Datrium offers a short RTO (Recovery Time Objective) because it has selectable restore points. This short RTO is made feasible by automating the recovery process, which can involve hundreds or thousands of separate operational steps to get a large suite of VMs up and running in the right order.
With the orchestration routine in place, the DRaaS facility is told via a mouse click to fail over to the cloud DR site when a ransomware attack or other disaster happens, and that takes just minutes. DR recovery can then start a few minutes later at the source site.
Finding the ransomware footprint
Backed-up VMs exist in a timeline. Some time before an attack with its file locking-by-encryption and ransom notification, ransomware infects a system and starts started encrypting files. This event can be located by checking file activity records.
In a recent incident a Midwest US municipality was attacked (the town is unwilling to reveal its identity, Datrium said). The IT department had backed up its VMs to a Datrium DVX system – but without the DRaaS option in place. Admin staff and Datrium consultants checked the incoming snapshots to the target DVX system and found a sudden size increase:
The highlighted snapshots in the image above have sizes of 23.6Gib, 80.2Gib, and 80.7Gib, while prior and subsequent snapshots are 6.1Gib and 3.6Gib in size. This enlargement was caused by Ryuk ransomware encrypting files.
To combat the attack, a prior snapshot from a day earlier was used and powered up on a quarantined network. It was verified malware-free by a security team and became a so-called recovery golden copy.
The recovery team restored individual VMs in priority order and verified each one was clean with an anti-virus scanner before restoring the next one. This took almost two days to complete. A mass update restoration of all their VMs would have taken less time and a DRaaS option would have been quicker again.
Datrium DraaS roadmap
Datrium initially provided cloud backup for its own on-premises DVX semi-hyperconverged system – ‘semi’, because the storage repository was separate from the compute nodes. It extended this to source systems from Dell EMC, NetApp, Nutanix, Pure Storage and others, and also to VMware running in AWS.
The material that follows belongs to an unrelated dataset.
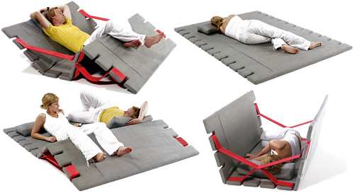 The Sasan Magic Carpet uses four separate panels that allow it to fold into a variety of angles, giving the erstwhile flat surface whole new fittings, such as a backrest, an elevated leg rest and even walls for privacy. Reshaping the mat is done through a combination of slits built into the sides and straps that you can hook onto them.

Datrium can provide DR with failover to VMware Cloud on AWS so long as the source site is a VMware site. Datrium uses its own backed up VMs and data from the source site.
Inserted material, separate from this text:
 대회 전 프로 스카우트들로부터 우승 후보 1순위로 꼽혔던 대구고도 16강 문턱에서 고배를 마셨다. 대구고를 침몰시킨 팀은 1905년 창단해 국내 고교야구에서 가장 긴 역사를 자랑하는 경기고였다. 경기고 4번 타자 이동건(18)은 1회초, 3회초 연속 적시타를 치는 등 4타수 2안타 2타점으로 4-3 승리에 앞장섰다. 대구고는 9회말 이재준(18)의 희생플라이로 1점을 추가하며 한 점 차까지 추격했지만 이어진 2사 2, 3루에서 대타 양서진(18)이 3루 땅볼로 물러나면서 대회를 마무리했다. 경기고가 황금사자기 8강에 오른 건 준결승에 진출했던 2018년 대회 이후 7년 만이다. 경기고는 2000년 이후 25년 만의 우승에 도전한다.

VMware is accommodating Kubernetes and containers and Page pointed out that “as VMware embraces Kubernetes we can do so too”.
He said Datrium DRaaS will work with Microsoft Azure cloud by the end of 2020.
And what about the rising tide of cloud-native applications that do not use VMware? “We have a CSS login for bare metal servers,” Page said. He suggested Datrium could develop this ability to backup bare metal Kubernetes environments to the public cloud, and reinstantiate containers there for DR, in the same way as it spins up VMs today.
As long as ransomware infections exists Datrium should prosper by offering a simple and fast recovery option, viable both for virtual machines and containerised environments.